Authors: Vasvani, et al (Google Brain), arxiv


Using self-attention (attention that relates to different positions of a single sequence in order to compute a representation of the sequence), without using RNNs or convolution is enough for representing the input. Instead of CNN -> Attention -> CNN they use Dense -> Attention.


Some recent work has tried to reduce sequential computation through use of convolutional networks as basic building blocks, computing hidden representations in parallel for all input and output positions.

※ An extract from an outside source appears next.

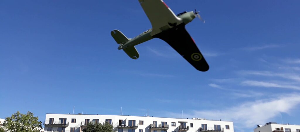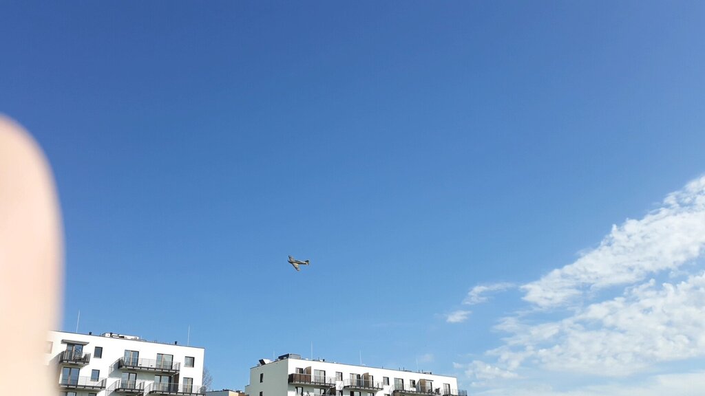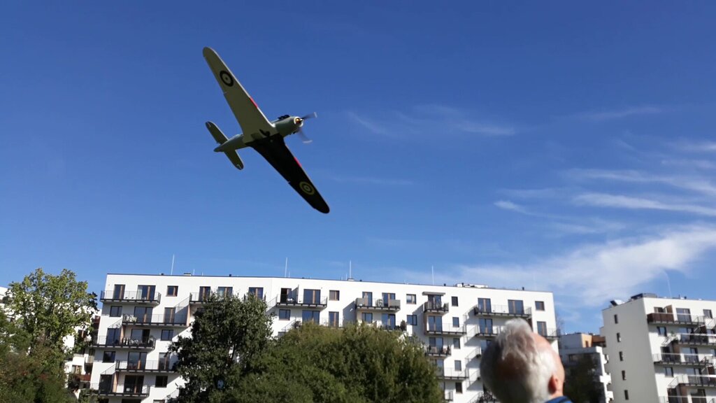 Dobry wieczór, No i Hurri poleciał w końcu, choć to za duzo powiedziane, bo pilot słaby i wiatr był, więc nie powinienem był... ale model przeżył;) lot był komediowy i 2 razy lądowanie na drzewie ( może to jakaś projekcja lotniskowca na kt ten akurat samolot służył..?). Jak się wyrobię to wrzucę filmik komediowy, na razie zrzuty z filmu. Mam nadzieję że przy lepszych warunkach się nauczę nim latać. Cdn. Pzdr, M -

In these models, the number of operations required to relate signals from two arbitrary input or output positions grow in the distance between the positions linearly for ConvS2S and logarithmically for ByteNet, making it difficult to learn dependencies between distance positions.

Model Architecture

Their model is called Transformer and follows the general encoder-decoder framework: given an input sequence $(x_1,…,x_n)$ the encoder maps this into a sequence of continuous representations $\mathbf{z}=(z_1,…,z_n)$. Given $\mathbf{z}$ the decoder generates an output sequence $(y_1,…,y_m)$ one element at a time.

  • The encoder is a stack of $N=6$ identical layers.
  • Each layer has two sublayers
    • Multi-head self-attention mechanism
    • Position-wise fully connected feed forward network.
  • They employ residual connection around each of the two sub-layers, followed by layer normalization

  • The decoder is also a stack of $N=6$ identical layers.
  • Each layer has three sublayers:
    • Masked multi-head attention to prevent positions from attending to subsequent positions
    • Multi-head attention to perform attention over the output of the encoder stack


An attention function can be described as mapping a query and a set of key-value pairs to an output. The output is computed as a weighted sum of the values, where the weight associated with each value is computed by a compatibility function of the query with the corresponding key.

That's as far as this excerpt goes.